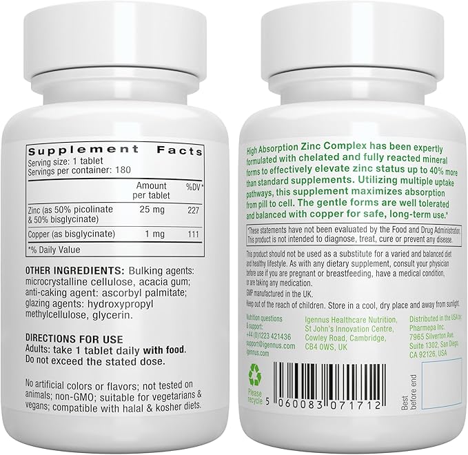 Igennus Chelated Zinc 25mg with Copper, Picolinate & Bisglycinate, Clean Label & High Absorption Complex, Supplement for Women & Men, Vegan, Immune, Skin and Cellular Health, 180 Tablets
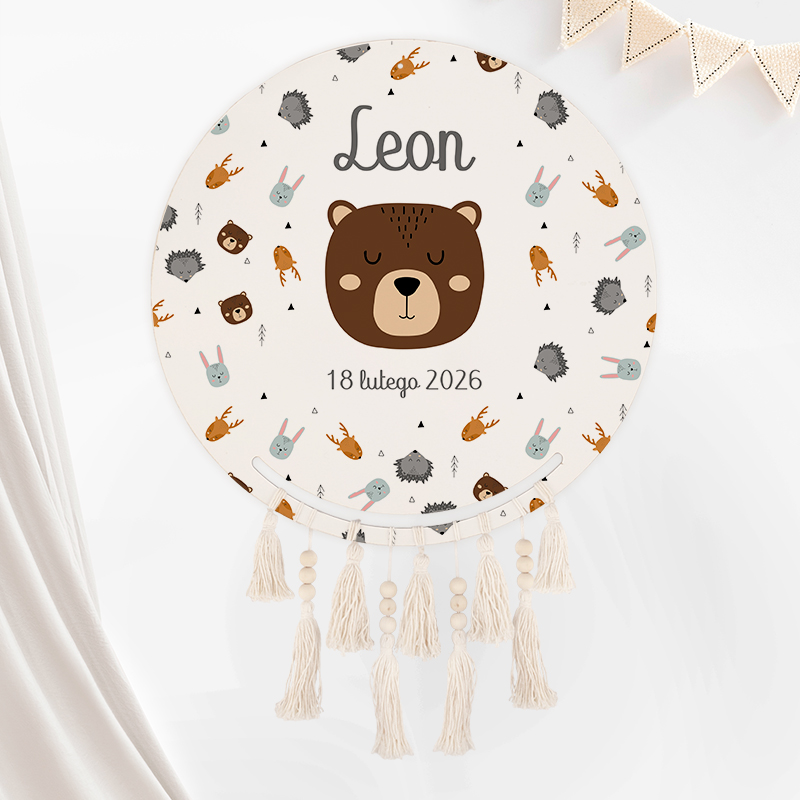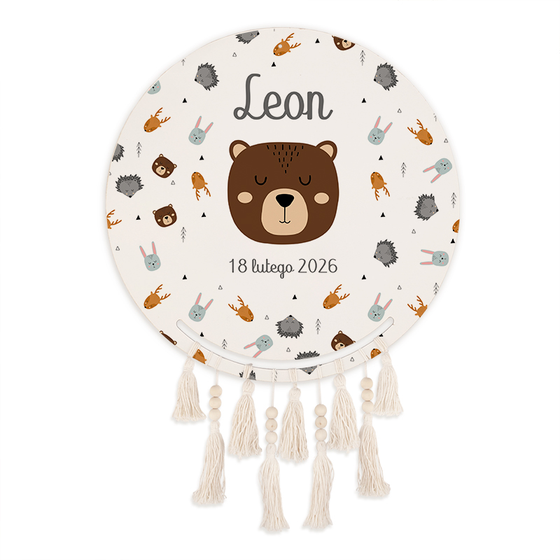- Na Łapaczu znajduje się motyw graficzny zainspirowany najnowszymi trendami. Zwierzątka leśne rozproszone są po całej powierzchni, a na samym środku honorowe miejsce zajmuje śpiący niedźwiadek. Całość dopełni imię Waszego maluszka oraz data narodzin.
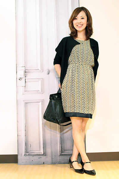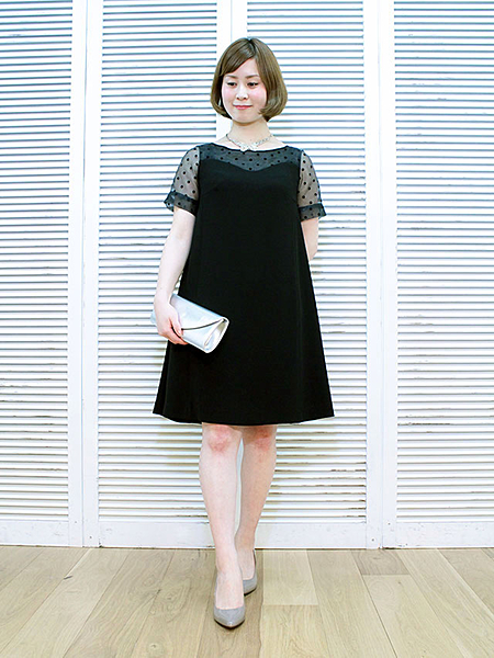 異素材の切替でメリハリのあるワンピース。ブラック一色でも平坦にならず可愛らしい印象。

*PROBLEM REQUIREMENTS*: All of the data must be set down exactly, with no pictures included.

*SOLUTION TO THIS TASK*:
 Igennus Chelated Zinc 25mg with Copper, Picolinate & Bisglycinate, Clean Label & High Absorption Complex, Supplement for Women & Men, Vegan, Immune, Skin and Cellular Health, 180 Tablets
- Na Łapaczu znajduje się motyw graficzny zainspirowany najnowszymi trendami. Zwierzątka leśne rozproszone są po całej powierzchni, a na samym środku honorowe miejsce zajmuje śpiący niedźwiadek. Całość dopełni imię Waszego maluszka oraz data narodzin.
 異素材の切替でメリハリのあるワンピース。ブラック一色でも平坦にならず可愛らしい印象。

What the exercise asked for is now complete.